Salimos del mercado en busca de la Alameda Principal, por la que caminamos unos metros para llegar al monumento al Marqués de Larios, que se encuentra en la confluencia que da acceso a la emblemática calle malagueña del mismo nombre, que tenía ganas de conocer pues suele ser famosa por sus luces de Navidad. Pese a que dicen que es la quinta calle comercial más cara de España, no me dijo nada, así que la abandonamos por la calle Moreno Monroy, contemplando un curioso banco, enseguida los paneles de la “Farola de Orellana” y, más adelante, un mimo.

Pronto divisamos la torre de la Catedral de Nuestra Señora de la Encarnación, nuestro siguiente destino, aunque antes nos detuvimos ante el Palacio Episcopal, de finales del siglo XVIII, cuya elegante fachada luce con los rayos del sol. El origen de la Catedral se sitúa en 1487, aunque su construcción se alargó varios siglos. Lo primero que hicimos fue subir por una interminable escalera a lo alto de la torre campanario, de 87 metros de altura, para ver la proyección de realidad virtual, que no me dijo nada. Su interior cuenta con varias capillas, destacando la Capilla Mayor y el Coro.
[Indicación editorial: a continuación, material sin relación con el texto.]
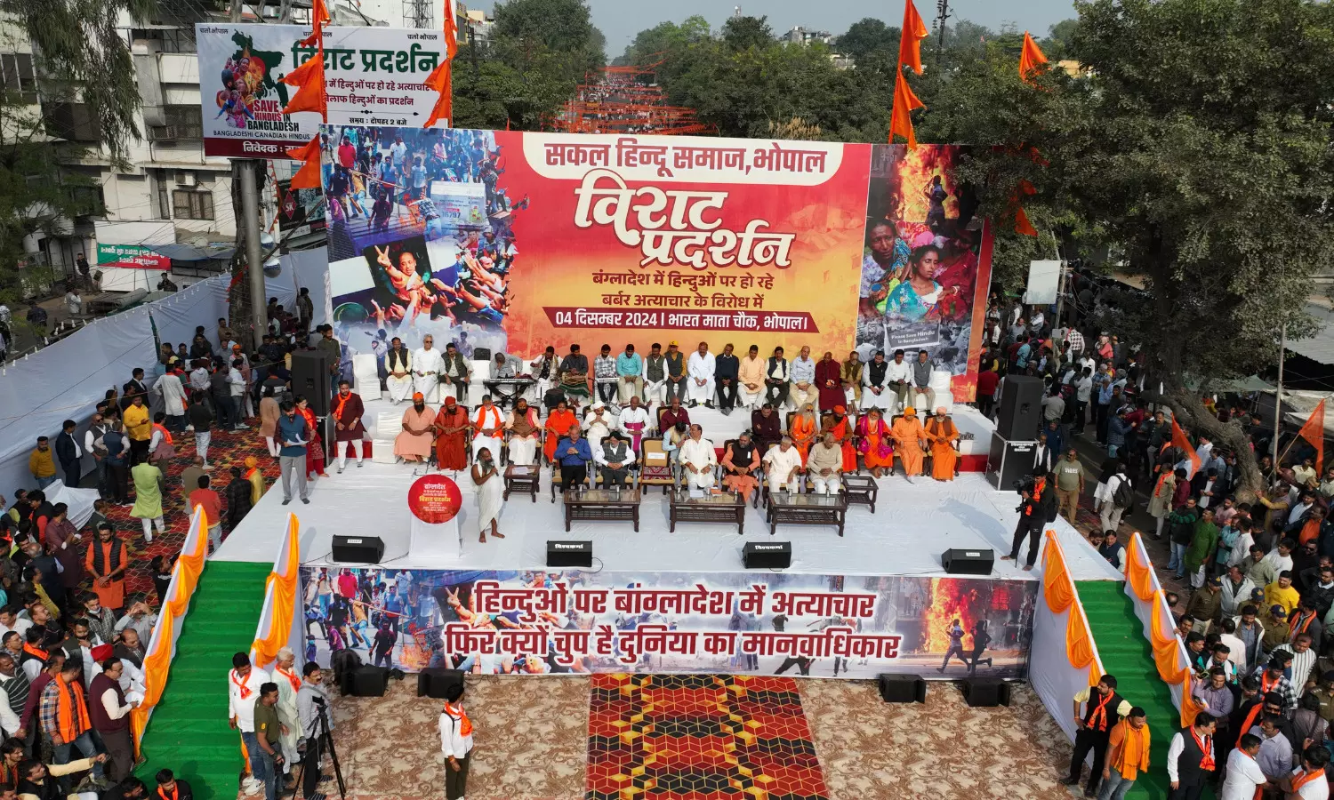 बांग्लादेश में हिन्दुओं पर हो रहे अत्याचार के खिलाफ बुधवार को भारत माता चौक, भोपाल में विराट प्रदर्शन किया गया। बांग्लादेश में हिन्दुओं पर हो रहे अत्याचार के खिलाफ सकल हिन्दू समाज भोपाल द्वारा विराट प्रदर्शन का आयोजन किया गया जिसमें बड़ी में हिन्दू समाज के लोग एवं संत उपस्थित रहे। दोपहर 2 बजे से शुरू हुए इस विशाल प्रदर्शन में हजारों की संख्या में लोग उपस्थित रहे।

A unos pasos de la Catedral, en la calle San Agustín, se encuentra nuestro siguiente destino, el Museo Picasso Málaga, cita obligada cuando se visita esta ciudad, pues responde al deseo del artista de que su obra estuviera presente en la ciudad de Málaga, en la que nació en 1881. La colección reúne 233 obras de la amplia variedad de estilos materiales y técnicas que dominó. También pudimos ver dos exposiciones temporales ya concluidas, la proyección de sombras “More Sweetly Play the Dance”, de William Kentridge y “Picasso: los cuadernos de Royan”.

Consultamos cuáles eran las mejores zonas de Málaga para picar algo, así que como se había echado la hora de comer, nos dirigimos a una de ellas pues la teníamos muy cerca. Se trata de la animada calle Granada, peatonal y con numerosos locales hosteleros. Casi en la esquina con la plaza del Carbón, degustamos un par de raciones en La Quintonería Majreta, para luego continuar nuestro recorrido, observando unos murales, hacia los Cines Albéniz, frente a los que se encentra la estatua dedicada al filósofo y poeta local Salomón Bel Gabirol. No había mucha gente en la calle pero, cuando volvimos dos días después, viernes, estaba abarrotada.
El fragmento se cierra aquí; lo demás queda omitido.